ニ男がアメリカへの高校生交換留学で貰ってきた新約聖書にあります、
マタイによる福音書 27-59 ヨセフは死体を受け取って、きれいな亜麻布に包み、
ヨハネによる福音書 20-40 彼らはイエスの死体を取りおろし、ユダヤ人の埋葬の習慣にしたがって、香油を入れて亜麻布で巻いた。
どこも同じですね。
予定時間どおり4時半過ぎ、納棺した遺体を霊柩車に載せ、二人が同乗する段になり、喪主と長男は羽織袴に会場で正装・着替えるため普段着なので私と弟が霊柩車に乗った。家を出るとき「ぽわーん」と弔鳴を頼んだ。
東京の桐ヶ谷斎場で義妹の舅を送った時は、近隣迷惑でポワーンは鳴らせないといった。
親族バスが続いた。道中に二度運転手は会場へケイタイした。係員が整列して出迎えてお棺を運び込む為だった。
霊柩車に親族バスがつづいて、到着してお斎となり式前にビール、酒の振る舞いだった。これはこの地方独特の、どうかなぁという習慣かも知れない。
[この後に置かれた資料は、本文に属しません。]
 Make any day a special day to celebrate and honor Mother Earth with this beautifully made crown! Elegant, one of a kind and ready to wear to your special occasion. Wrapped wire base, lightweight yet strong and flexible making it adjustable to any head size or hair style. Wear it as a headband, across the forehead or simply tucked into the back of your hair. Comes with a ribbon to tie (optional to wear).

7時半開式前、遺族は玄関で整列して出迎え、参詣者の多さを式場が心配し、屋外にテント受付と式場の廊下を一部抜いて広げ、椅子を300人程度となった。
続々と参詣者が来てくださって、予定時間きっかりに通夜式は始まった。導師は壇那寺の老若の二人。老僧は若い頃は本願寺の堂僧なので、声のよさと読経の音調に定評のあるお方。
式は30分で終わった。古いしきたりを守る寺院で通夜に焼香がない。式の前に焼香がないので僧侶退場後ご自由に銘々ご焼香下さいと案内されたが、最後にもそう案内してもらうとよかった。都会では喪主のみ呼び上げて焼香し、参列者が銘々後に続く。こういうふうに現代風に改めてもらいたい。遠路より通夜だけの参詣者も多いからだ。
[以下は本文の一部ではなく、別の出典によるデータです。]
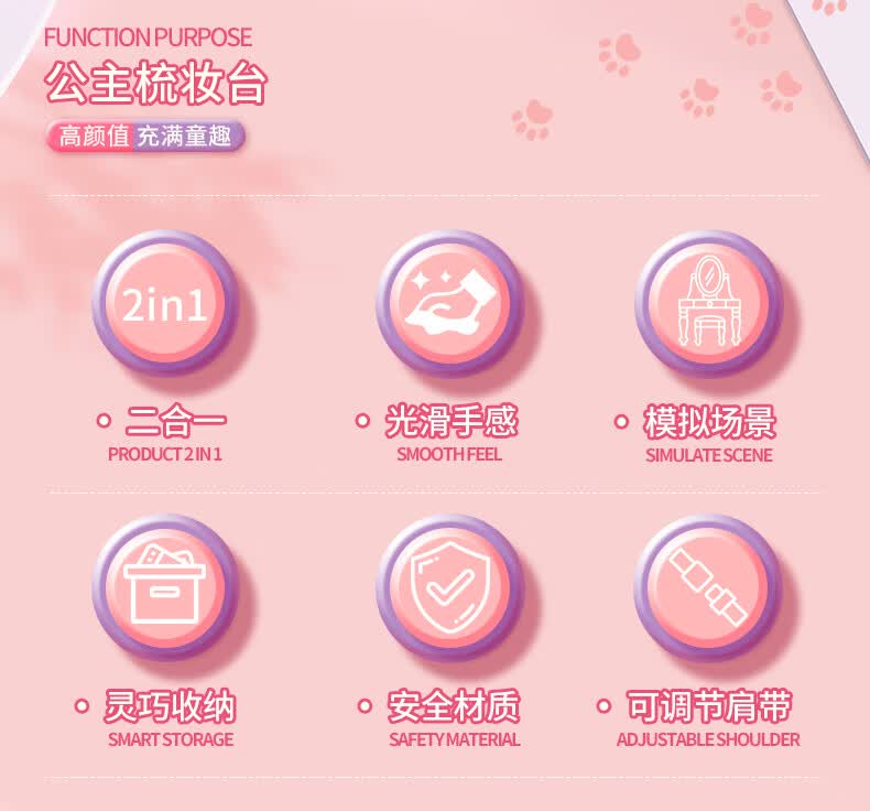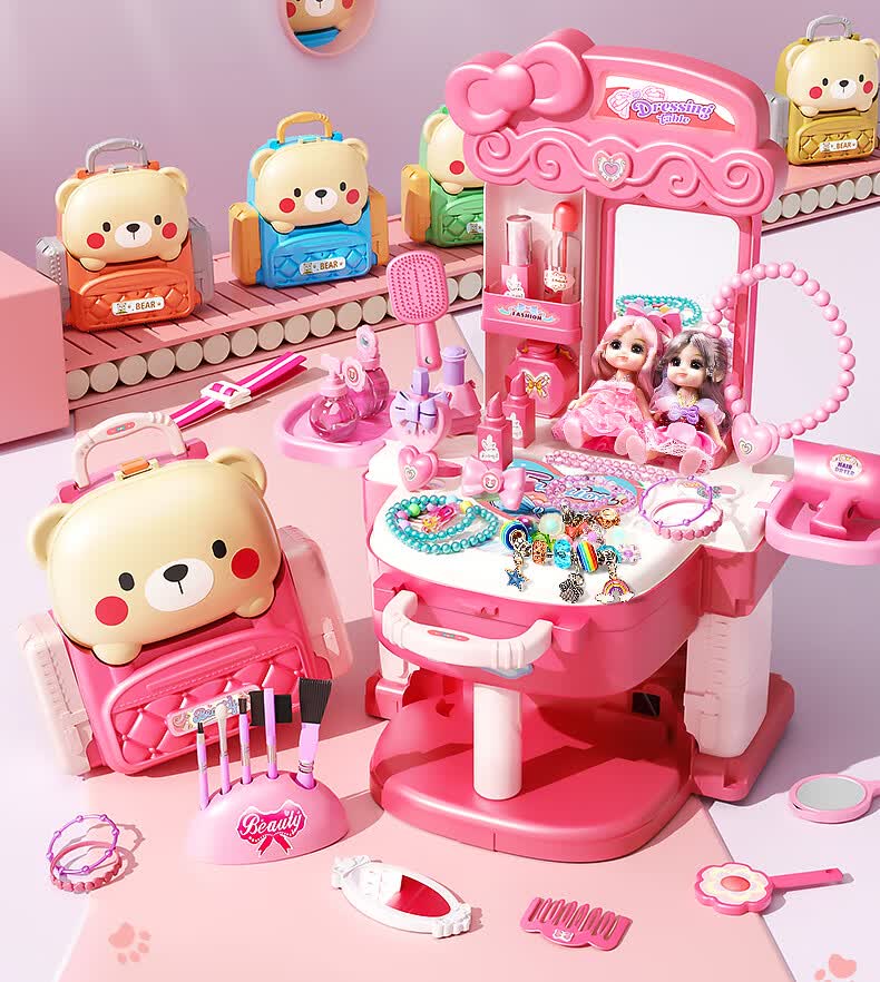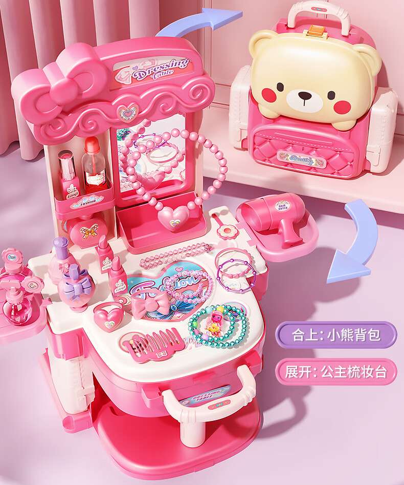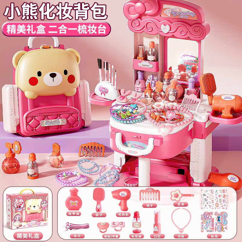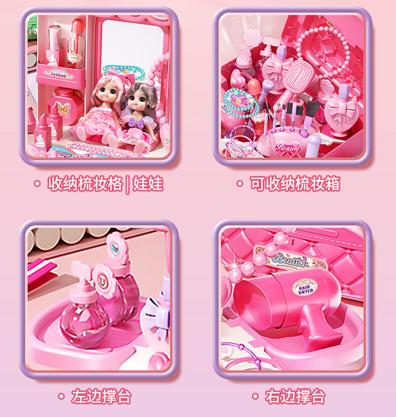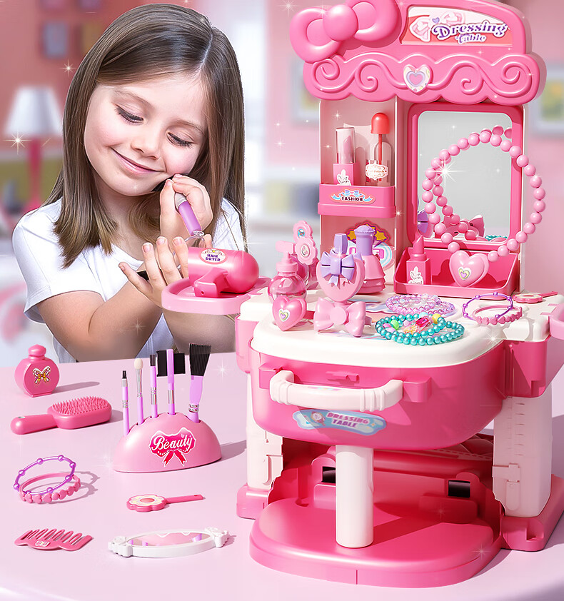 喜迪奇儿童女孩过家家梳妆台小公主玩具仿真化妆首饰盒1-3-6岁新年礼物

お勤めは通夜式も葬儀式も「正信偈」(しょうしんげ)である。終わって参詣者に向かって説教される。
「なごりおしく思へども、娑婆の縁尽きて、ちからなくして終わるきに、かの土(ど)へ参るべきなり・・歎異抄第9条の私の好きな一説が枕詞ではじまり・・なぜこの世に生まれてきたのか、一度自分自身に問うていただきたい・・」との終句だった。
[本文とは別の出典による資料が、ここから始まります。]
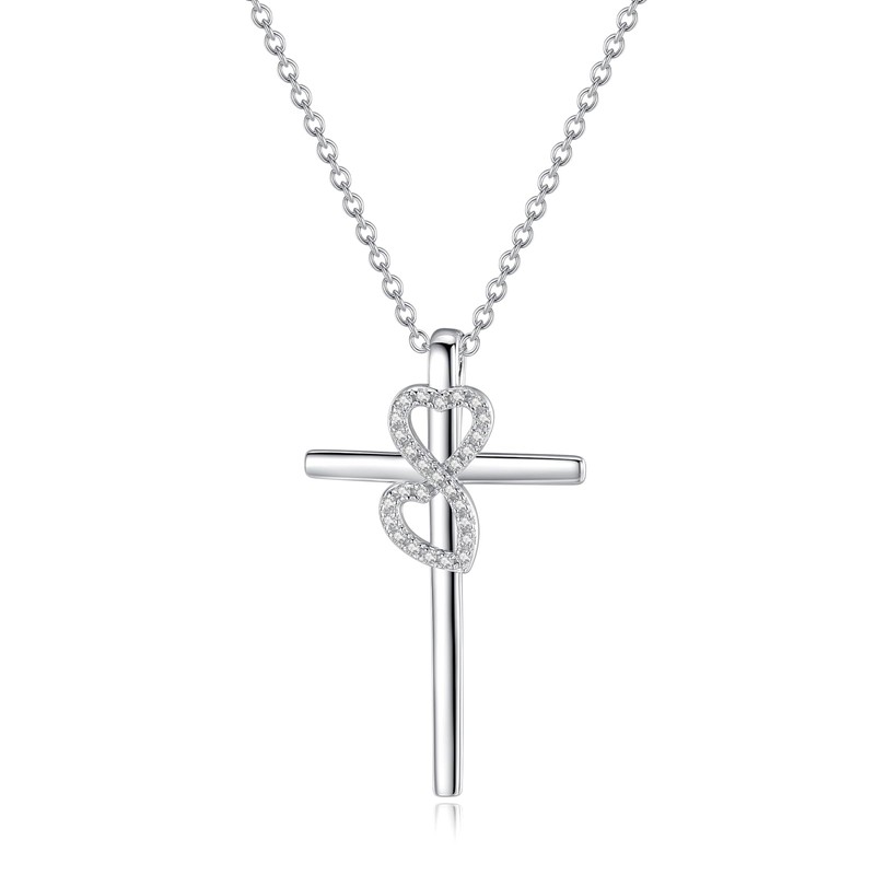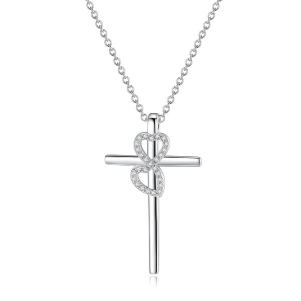 GAUDALGEM Christian Cross Moissanite Pendant Necklace for Women,D color VVS1 18K White Gold Plated S925 Sterling silver, Butterfly Crucifix Pendant, Birthday Christmas Mother's Day Gift,18+2 Inch

玄関口でお客さまを整列してお見送りして、やれやれ終わった。お棺は遺族休憩室へ運び込まれていた。
ここで、遺族休憩室へ親族や2升持ち親戚は移動し、残った料理も移してあって、お斎の二次会だった。
お斎の巻き寿司盆、サンドイッチとオードブルが沢山余った。お手伝いさんのおばさんに聞くと陽気も悪く無いし、田舎のことなので持ち帰り黙認しますとのこと。
在所の長男が嘆くのを無理してモッタイナイから、家でも残ったら畑に捨てよと、大風呂敷にいくつも包んで持って帰らせた。
私と今夜は4人で不寝番、姪の旦那は残った飲み残しビールを腹へ整理し、冷蔵庫から数本とよく飲んでくれ、お袋は喜んだだろう。
風呂もあったし寝具が3組、寝たければ寝ればよいと気楽な不寝番だった。